The open and response rates were decreasing and event attendance was declining. Like many organizations, they’re understaffed and (perhaps) overworked.
My advice was to break the content into more frequent, shorter emails. Thus allowing members to quickly read and take action on what is of value to them and discard what isn’t.
Her follow-up question to my advice read as follows: If we break a lot of content into many emails, how can we judge how much is too much? I get too many emails as it is. It was a legitimate question, which she concluded with a personal opinion statement. My response to the first part was to review the open rates and click-through statistics of the frequent emails. If more people are reading more often and taking more actions, that’s a prime indicator and the best way to “judge” that results are good. Do more based on facts, not conjecture. Conversely, if statistics and response CTA rates (Call to Action) decrease overall with more frequent communications, then and only then can we “judge” that she is in fact communicating too much. In which case she would logically throttle back—not to the previous once-a-month-frequency—but to the volume where she was getting optimum results.
Broad Range of Experience
I’ve encountered similar scenarios in all variety of businesses, be it selling, generating leads, or calls to action. Never fails. The advice is both accurate and useable. “Useable” 100%. Heck, following this advice doesn’t even require learning a new skill, increasing costs, or working more hours. Not even improving the content—all of which have value if the client accepts the initial advice and is then willing to learn or hire additional expertise.

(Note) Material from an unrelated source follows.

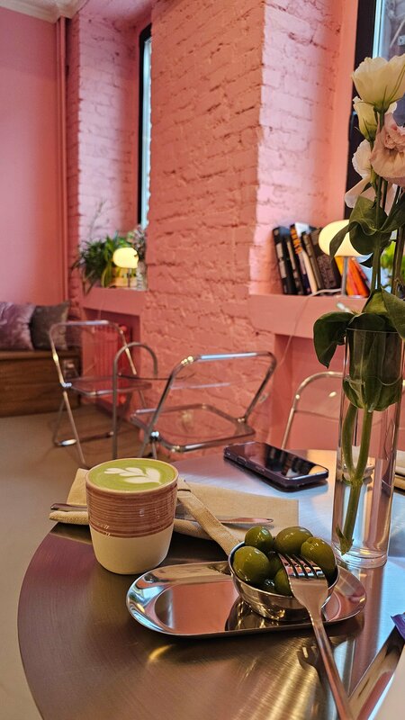 Интерьер прекрасен, хочется фотографировать и делиться со всеми знакомыми. В меню много интересных позиций от классики до новых вкусовых сочетаний. Еда вся понравилась, как и напитки. Чай чудесный. Но было неприятно, что блюда всем принесли с большим отрывом. Половина компании успела съесть по два блюда к тому времени, как принесли еду остальным

The second part of her question, I get too many emails as it is is a statement of personal opinion. This indicates that this person is biased and subjective in her marketing judgement—a costly perspective to practice. It has no relationship or relevance to her organization achieving better results and being of greater value to its clients.
Let’s Consider the Facts, Not the Personal Bias
Imagine the unexceptional results a professional coach would have IF he asked, “How often should I have my team exercise, run plays, and review film? And how can I judge when it’s too much?” (A good question) followed by the statement, “I don’t like to exercise; it makes me sore.”

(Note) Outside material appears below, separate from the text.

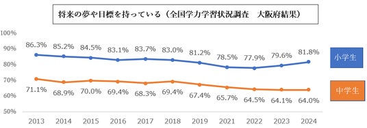 データから分かるように、こどもたちの「いのち」を危険にさらす虐待は減らず、また学校へ行かない(行けない)こどもたちは年々増加の一途をたどっています。さらに、小学校6年生と中学校3年生にアンケートを取ったところ、将来の夢や目標を持っているという中学生は年々下がる一方です。教育はこどもの未来を創出できるものでなければいけないはずです。また、こどもたちの自死も過去最高を記録したと報道されています。

Regarding her comment about getting too many emails, I tactfully encouraged her to simply unsubscribe or block those she no longer found value in receiving.

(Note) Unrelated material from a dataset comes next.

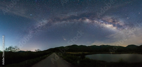 © bouybin, Fototapeta premium Panorama of Milky way over reservoir with mountain night
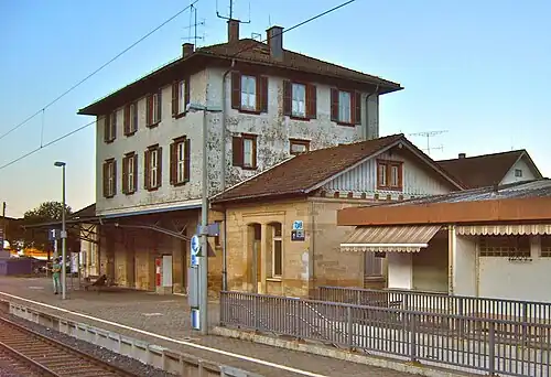 Gaildorf West station is a railway station in the municipality of Gaildorf, located in the Schwäbisch Hall district in Baden-Württemberg, Germany.

I get similar questions from my private clients and mastermind groups less frequently. However, you guessed it — I deliver a dose of “tough love.” We consider the facts and where the profits are found, not subjective opinions.
Using all variety of jargon, most self-improvement books underscore the immense value of positive self-talk and maintaining a positive mental attitude. The late, great, motivational speaker Zig Ziglar was spot-on when he spoke about the cost of “stink’n think’n” and getting “a check-up from the neck up.”
One of the most valuable tools taught in the practice of Positive Mental Attitude (PMA) is the principle of Accurate Thinking. Accurate, useable advice, received by someone willing to change their mind in a positive way IS the key to greater profits. It’s the only way progress is made. Our minds are like muscles: when exercised, stretched, and nourished, they grow strong and increase in ability.
Masterminding, the combining of two or more uniquely talented minds working in harmony with singleness of purpose, is the fastest way to achieve results and “see” opportunities and resources you may have otherwise never discovered. Seek a mastermind partner and you’ll gain a broader, clearer perspective of where you need to be and what you need to do to attain your goals.